In fact, the polynomial $P(x,y,z)=(x+y+z-3)^2+4x+2y-4$ works, and in my opinion, it's the most motivated construction here by far. Let $u=x-1,\,v=y-1,\,w=z-1$, so $u,v,w$ are nonnegative integers with $P(u,v,w)=(u+v+w)^2+4u+2v+2$. If $u+v+w=k$ is fixed, $4u+2v+2$ takes on the values $2,4,\dots,4k+2$. Thus $\{P(u,v,w)\mid u+v+w=k\}=\{k^2+2,k^2+4,\dots,(k+2)^2-2\}$, creating a ``double-layered'' pattern.

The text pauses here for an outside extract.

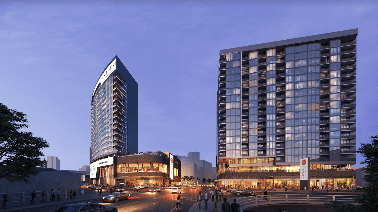 Anthem’s guest rooms will average more than 400 square feet each, while the apartment tower will offer units in multiple layouts, from studios to three bedrooms. Together, the towers will have 21,000 square feet of ground-level retail and restaurant space and provide a new public green. Anthem will have a rooftop offering views of key Downtown attractions.

this is the literal definition of an anti-problem Take \[P(x, y, z) = (x+y-1)^2 + 2y-(2-z) - 100! (z-1)(z-2)\left((x+y-1)^2 + 2y\right).\]Then, When $z = 1$, we get numbers of the form $(x+y-1)^2 + 2y-1$, which can be reparametrized as $a^2 + b$ for $b > 0$ odd at most $2a$; When $z=2$, we get numbers of the form $(x+y-1)^2 + 2y$, which can be reparametrized as $a^2+b$ for $b>0$ even at most $2a$; When $z \geq 3$, we get random negative numbers. This polynomial clearly satisfies the given conditions.